*Materials provided:*
· · ·

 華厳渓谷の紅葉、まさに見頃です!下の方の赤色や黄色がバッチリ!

· · ·

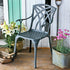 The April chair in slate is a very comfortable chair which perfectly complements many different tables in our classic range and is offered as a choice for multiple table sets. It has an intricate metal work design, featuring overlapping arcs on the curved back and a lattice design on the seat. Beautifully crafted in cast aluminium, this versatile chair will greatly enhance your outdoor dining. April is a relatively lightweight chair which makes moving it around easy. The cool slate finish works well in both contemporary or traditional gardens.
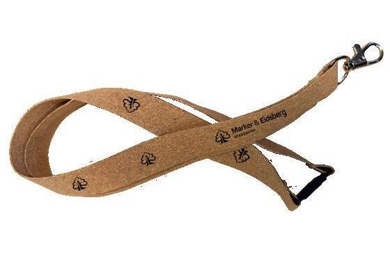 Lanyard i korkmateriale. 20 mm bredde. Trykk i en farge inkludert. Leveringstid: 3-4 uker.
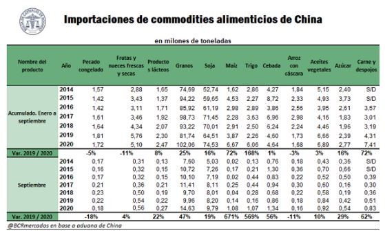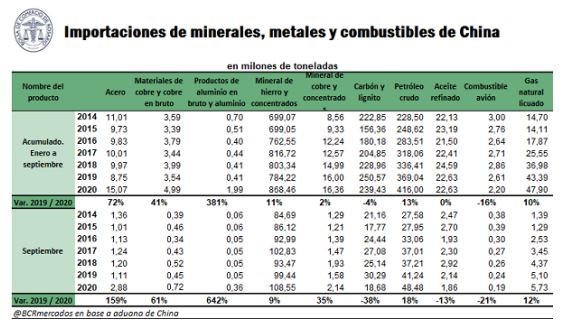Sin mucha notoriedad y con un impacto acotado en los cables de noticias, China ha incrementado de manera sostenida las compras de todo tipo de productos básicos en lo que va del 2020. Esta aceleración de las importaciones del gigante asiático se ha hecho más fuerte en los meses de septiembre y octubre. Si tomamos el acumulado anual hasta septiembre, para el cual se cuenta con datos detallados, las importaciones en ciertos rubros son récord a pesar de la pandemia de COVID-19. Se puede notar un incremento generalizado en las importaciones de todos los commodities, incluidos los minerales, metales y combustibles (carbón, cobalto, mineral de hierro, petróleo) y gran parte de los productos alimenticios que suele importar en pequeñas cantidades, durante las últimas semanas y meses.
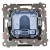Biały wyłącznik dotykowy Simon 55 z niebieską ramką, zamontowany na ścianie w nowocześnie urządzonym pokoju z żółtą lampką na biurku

· · ·

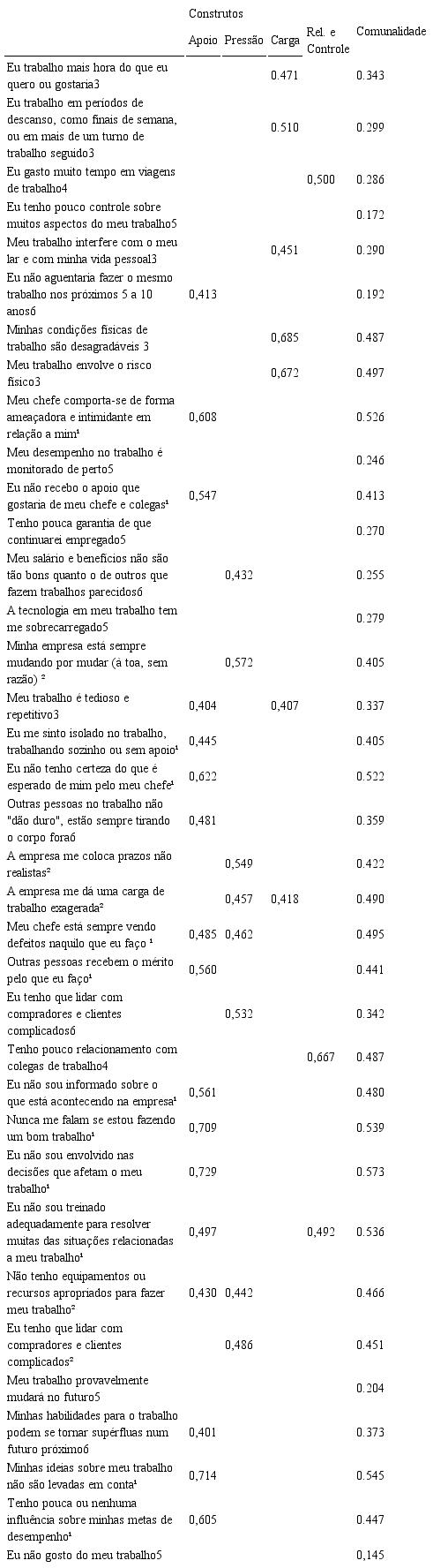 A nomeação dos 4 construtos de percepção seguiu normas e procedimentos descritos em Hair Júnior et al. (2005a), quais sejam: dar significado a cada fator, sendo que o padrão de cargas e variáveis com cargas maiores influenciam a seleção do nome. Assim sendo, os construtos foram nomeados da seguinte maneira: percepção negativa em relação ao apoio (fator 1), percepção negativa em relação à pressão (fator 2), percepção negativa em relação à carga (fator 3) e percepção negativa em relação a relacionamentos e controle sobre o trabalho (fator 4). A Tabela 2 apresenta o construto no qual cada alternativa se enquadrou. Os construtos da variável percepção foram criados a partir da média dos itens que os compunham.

· · ·

*Activity:*
From the records above, write out exactly the lines that begin at the line with "The April chair" and end at the line with "Lanyard i korkmateriale.". Pictures must not appear in the output.

*Exercise solution:*
 The April chair in slate is a very comfortable chair which perfectly complements many different tables in our classic range and is offered as a choice for multiple table sets. It has an intricate metal work design, featuring overlapping arcs on the curved back and a lattice design on the seat. Beautifully crafted in cast aluminium, this versatile chair will greatly enhance your outdoor dining. April is a relatively lightweight chair which makes moving it around easy. The cool slate finish works well in both contemporary or traditional gardens.
 Lanyard i korkmateriale. 20 mm bredde. Trykk i en farge inkludert. Leveringstid: 3-4 uker.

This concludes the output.